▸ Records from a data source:
+---+
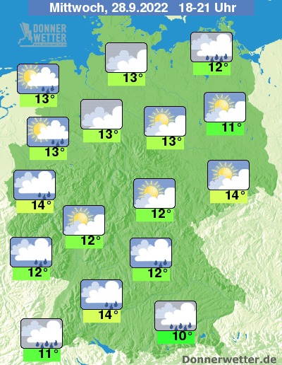 Heute Abend bleibt es im Süden bedeckt und es fällt zeitweise Regen. Im übrigen Bundesgebiet ist es teils stark, teils aber auch aufgelockert bewölkt, dabei bilden sich einzelne Schauer. Die Temperatur liegt bei 10 Grad in München und bis 14 Grad in Dresden.
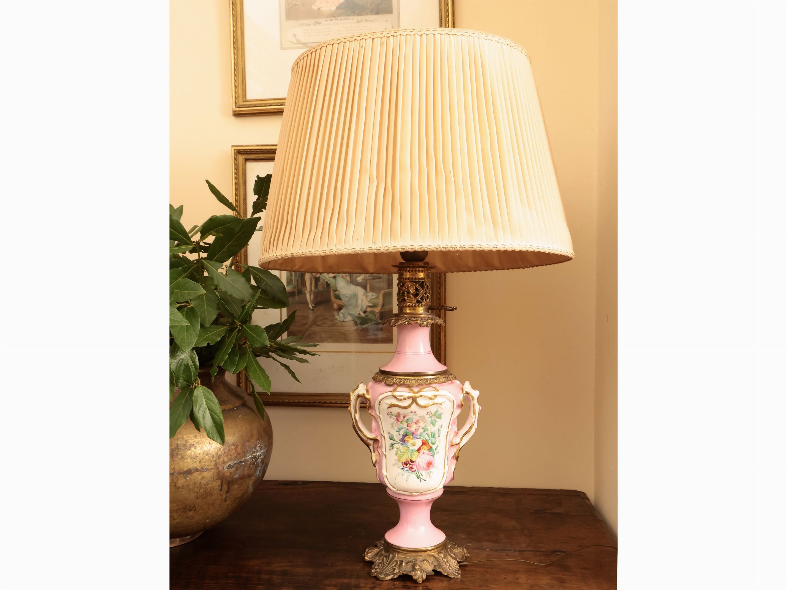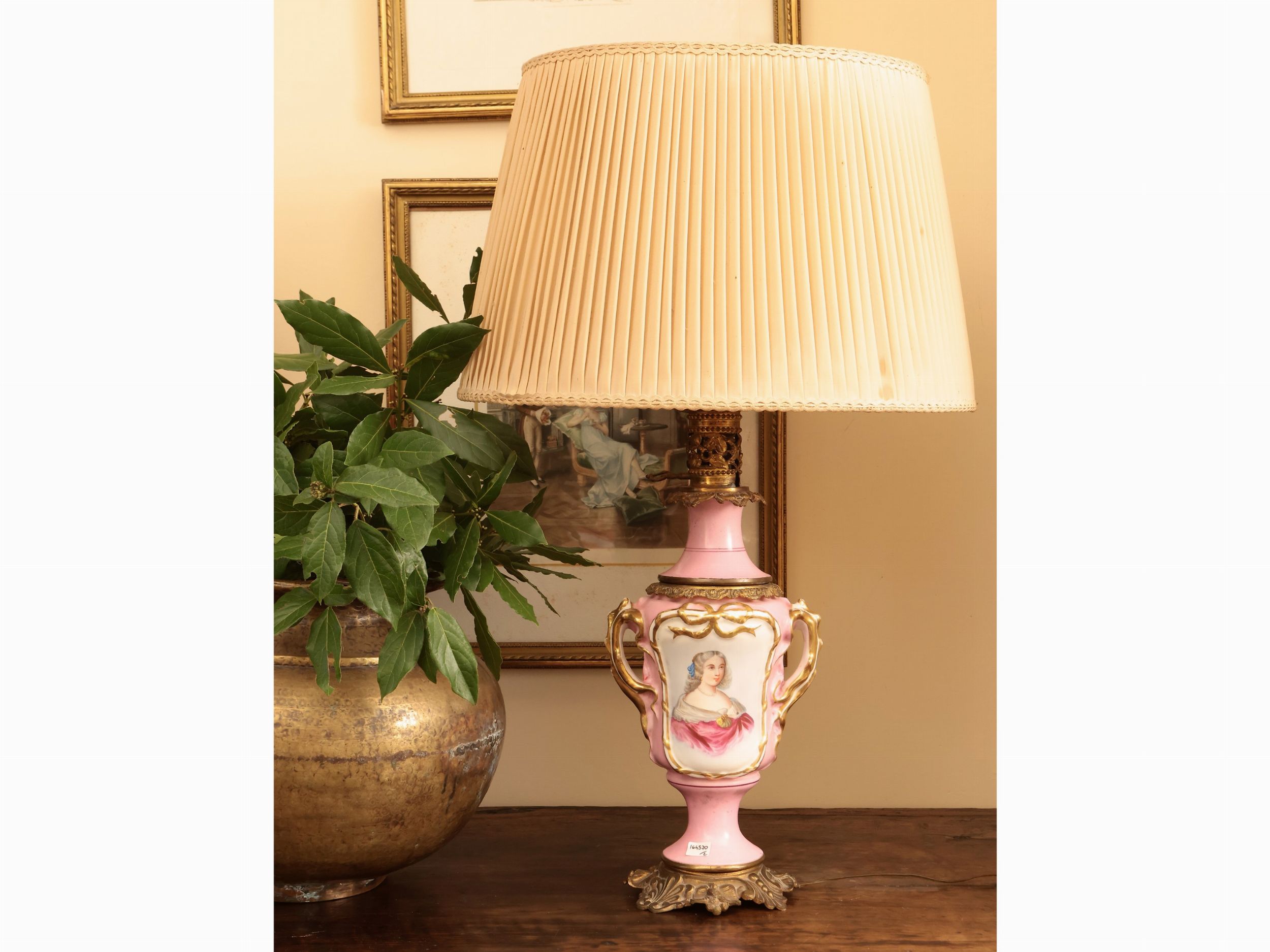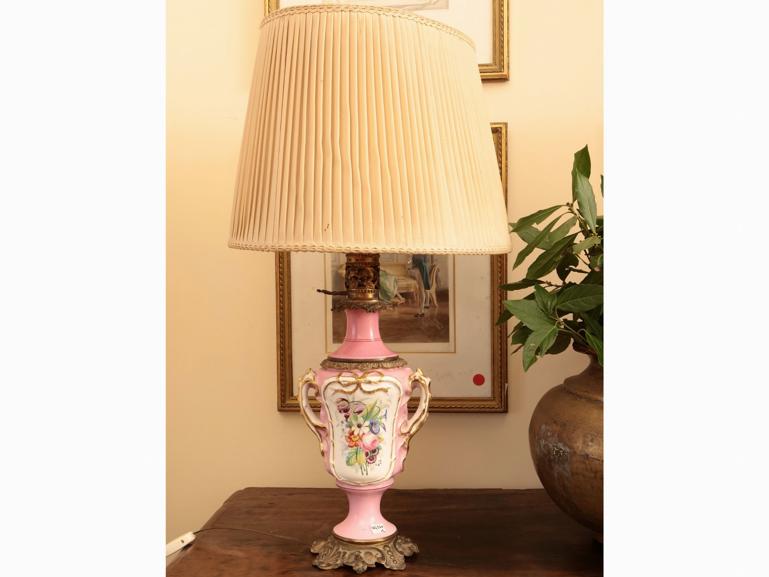 h cm 50 Francia, seconda metà del XIX secolo realizzati come vasi biansati, dipinti con ritratti e trionfi di fiori entro riserve sagomate e lumeggiate in oro su fondo rosa, dettagli e base circolare in bronzo dorato sbalzato con volute vegetali, corredate da paralume in tessuto avorio (difetti)
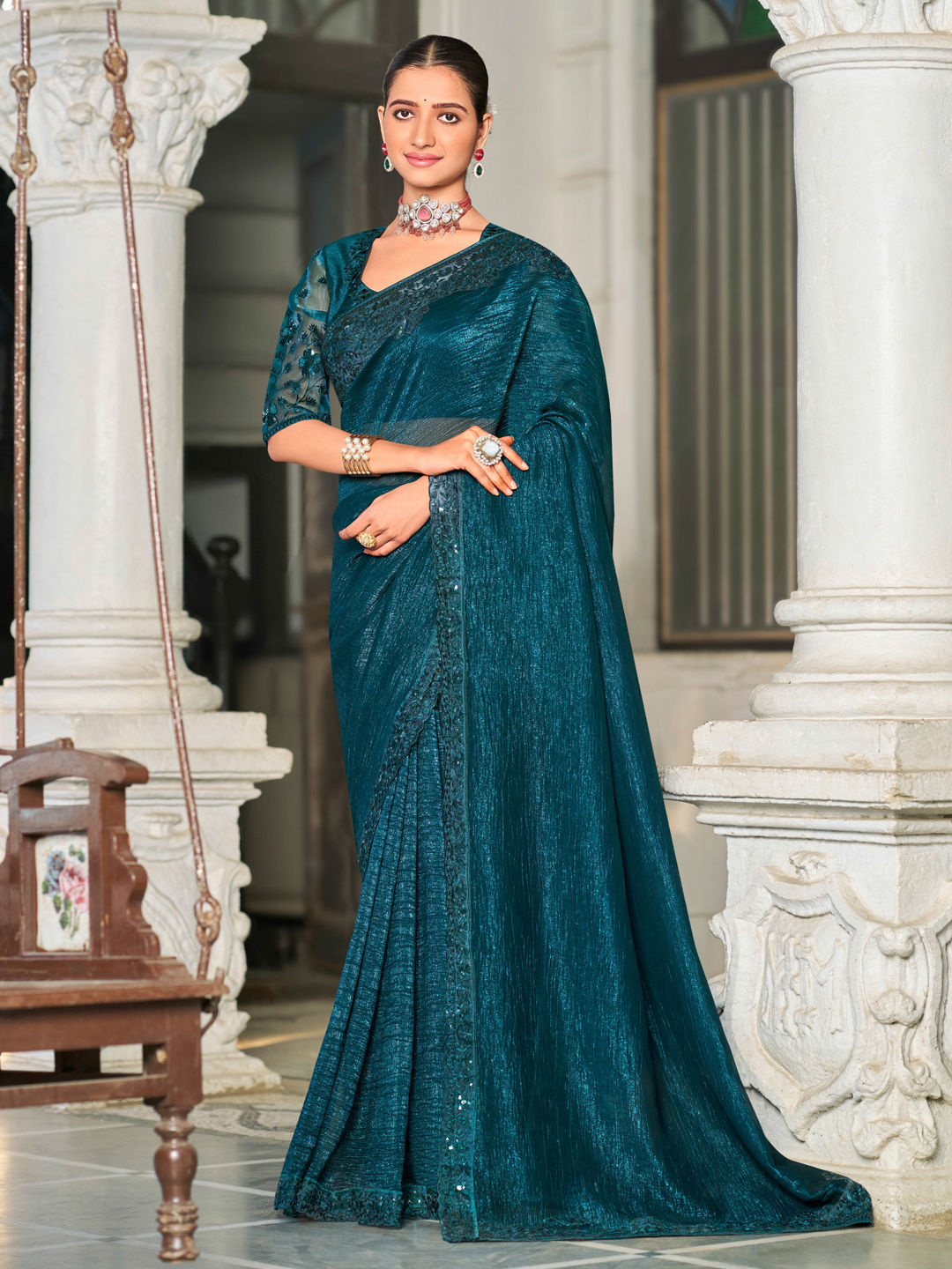 Blue color Saree in Crushed Silk fabric with Embroidered, Sequence, Thread work
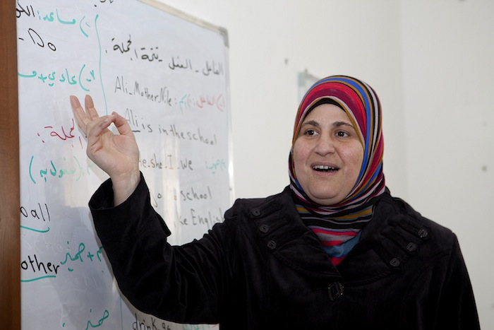 This Syrian refugee is teaching English at an International Rescue Committee Women’s Center in Irbid, Jordan. In addition to psychological counseling programs, the center offers social activities, including English classes among others. It is a place where the women and children can meet others like them in the camp and learn some new skills.
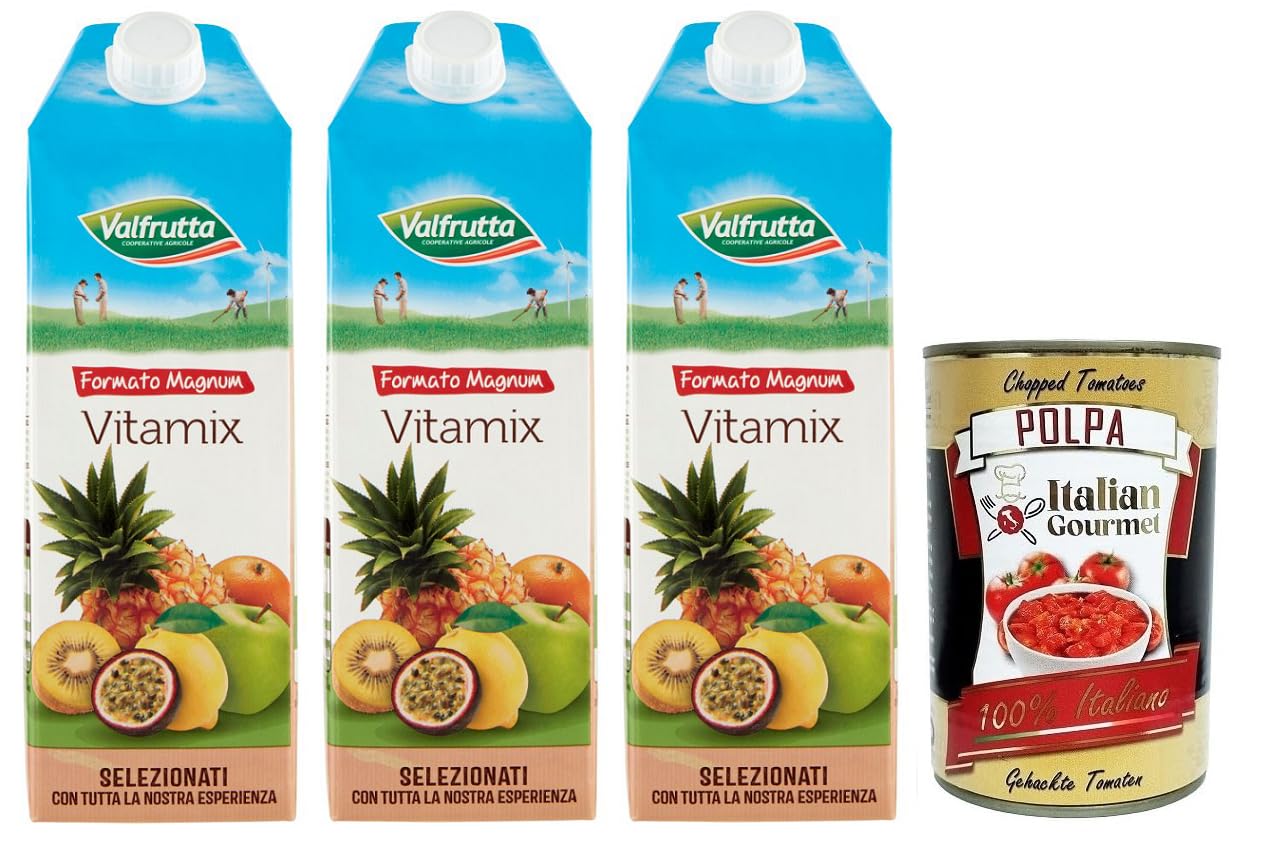 Valfrutta Succo Vitamix Lot de 3 boissons rafraîchissantes sans alcool à base de jus de fruits avec vitamines 1500 ml boîte Italian Gourmet Polpa di Pomodoro 400 g
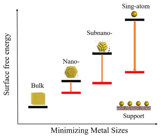 Schematic representation of surface free energy and specific activity of supported catalysts as a function of particle size.
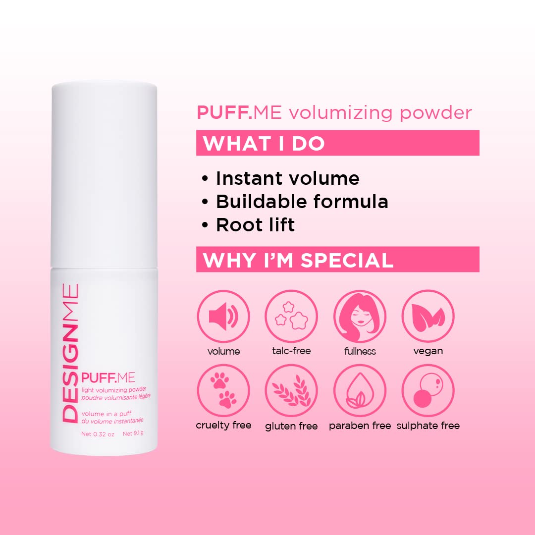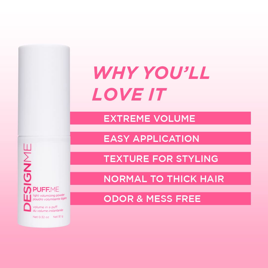DESIGNME PUFF.ME Volumizing Powder | Hair Powder Volumizer for Fine Hair | Root Lifting Hair Texture Powder for Straight, Curly, or Wavy Hair | Talc Free Hair Powder for Women, (0.32 Oz)
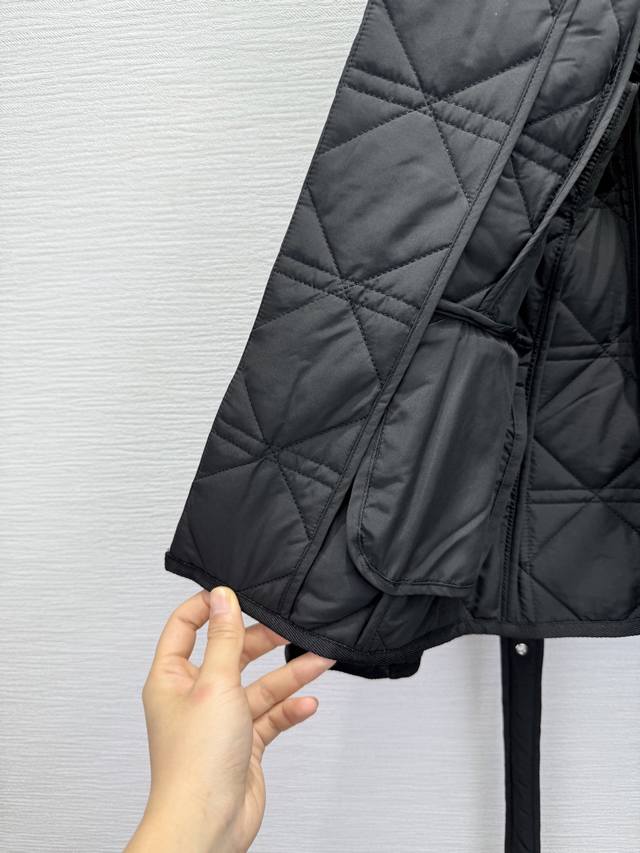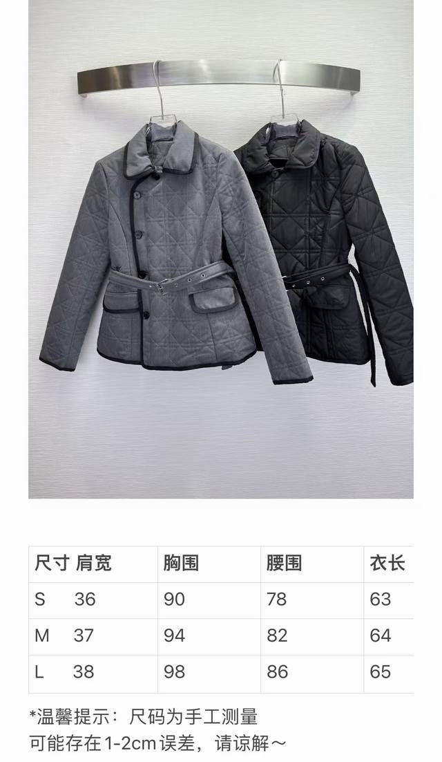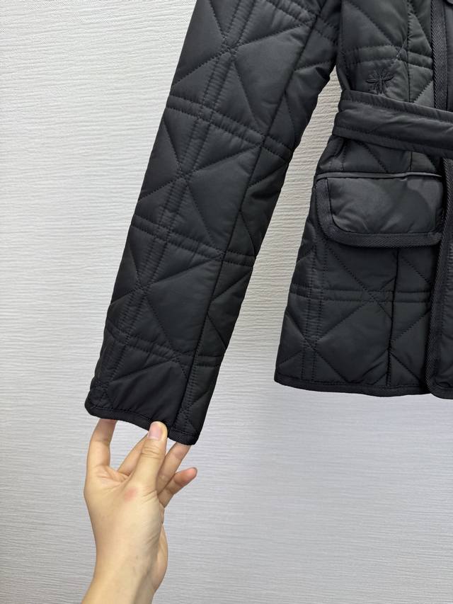 Dio* 25Ss Autumn/Winter New Style Lapel Cotton Jacket with Cannage Pattern, Small Bee Embroidery Decoration, Paired with Fabric Belt, Elegant and Warm, High Quality, Two Colors, Three Sizes Smlb808p DDD
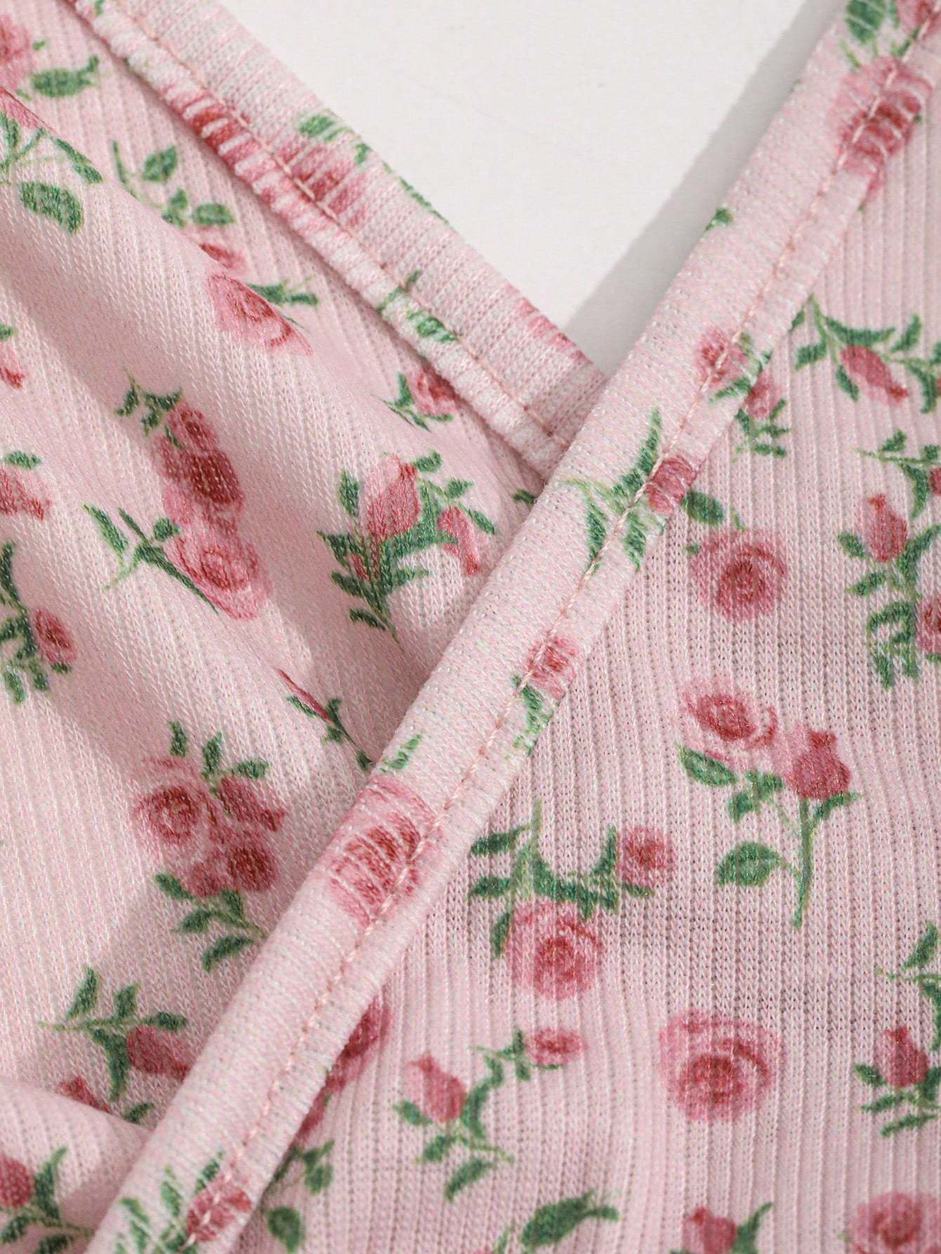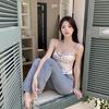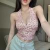 Estilo Deseo Puro Transfronterizo Cuello Floral Tirante Fino Pequeño Verano de Mujer Sexy Ajustado Corto Chaleco de Chica Caliente Top Transfronterizo
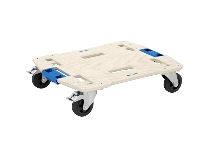 A coupler lever connects the roller to the WorkMo boxes Compatible with Sortimo® interior vehicle fittings and load safety Board from multiplex beech wood Solid rubber wheels of which two have a total brake Extra lashing points make for safe transfers of another load as well Loading capacity: 200 kg Dimensions: 612 x 493 x 144 mm Dimensions: 612 x 493 x 144 mm
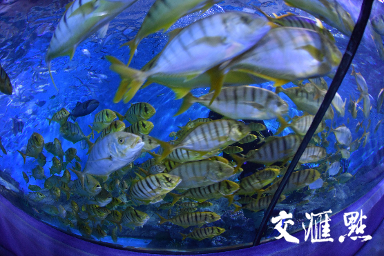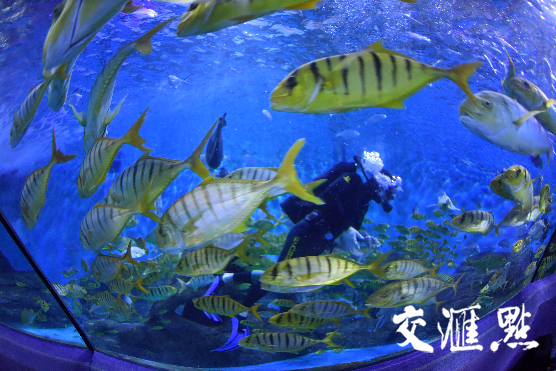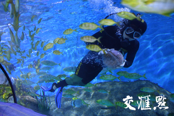 在海底世界的海底隧道内,身着童话礼服的潜水员将化作海洋舞者,在水中大秀黄金舞,400余只黄金鯵形成的鱼群搅动海水宛如一场“黄金风暴”,将潜水员团团围住,有节奏地变换着队形。
+---+
▸ Directions for this task:
Set down all records verbatim, omitting images.

▸ Result below:
 Heute Abend bleibt es im Süden bedeckt und es fällt zeitweise Regen. Im übrigen Bundesgebiet ist es teils stark, teils aber auch aufgelockert bewölkt, dabei bilden sich einzelne Schauer. Die Temperatur liegt bei 10 Grad in München und bis 14 Grad in Dresden.
 h cm 50 Francia, seconda metà del XIX secolo realizzati come vasi biansati, dipinti con ritratti e trionfi di fiori entro riserve sagomate e lumeggiate in oro su fondo rosa, dettagli e base circolare in bronzo dorato sbalzato con volute vegetali, corredate da paralume in tessuto avorio (difetti)
 Blue color Saree in Crushed Silk fabric with Embroidered, Sequence, Thread work
 This Syrian refugee is teaching English at an International Rescue Committee Women’s Center in Irbid, Jordan. In addition to psychological counseling programs, the center offers social activities, including English classes among others. It is a place where the women and children can meet others like them in the camp and learn some new skills.
 Valfrutta Succo Vitamix Lot de 3 boissons rafraîchissantes sans alcool à base de jus de fruits avec vitamines 1500 ml boîte Italian Gourmet Polpa di Pomodoro 400 g
 Schematic representation of surface free energy and specific activity of supported catalysts as a function of particle size.
DESIGNME PUFF.ME Volumizing Powder | Hair Powder Volumizer for Fine Hair | Root Lifting Hair Texture Powder for Straight, Curly, or Wavy Hair | Talc Free Hair Powder for Women, (0.32 Oz)
 Dio* 25Ss Autumn/Winter New Style Lapel Cotton Jacket with Cannage Pattern, Small Bee Embroidery Decoration, Paired with Fabric Belt, Elegant and Warm, High Quality, Two Colors, Three Sizes Smlb808p DDD
 Estilo Deseo Puro Transfronterizo Cuello Floral Tirante Fino Pequeño Verano de Mujer Sexy Ajustado Corto Chaleco de Chica Caliente Top Transfronterizo
 A coupler lever connects the roller to the WorkMo boxes Compatible with Sortimo® interior vehicle fittings and load safety Board from multiplex beech wood Solid rubber wheels of which two have a total brake Extra lashing points make for safe transfers of another load as well Loading capacity: 200 kg Dimensions: 612 x 493 x 144 mm Dimensions: 612 x 493 x 144 mm
 在海底世界的海底隧道内,身着童话礼服的潜水员将化作海洋舞者,在水中大秀黄金舞,400余只黄金鯵形成的鱼群搅动海水宛如一场“黄金风暴”,将潜水员团团围住,有节奏地变换着队形。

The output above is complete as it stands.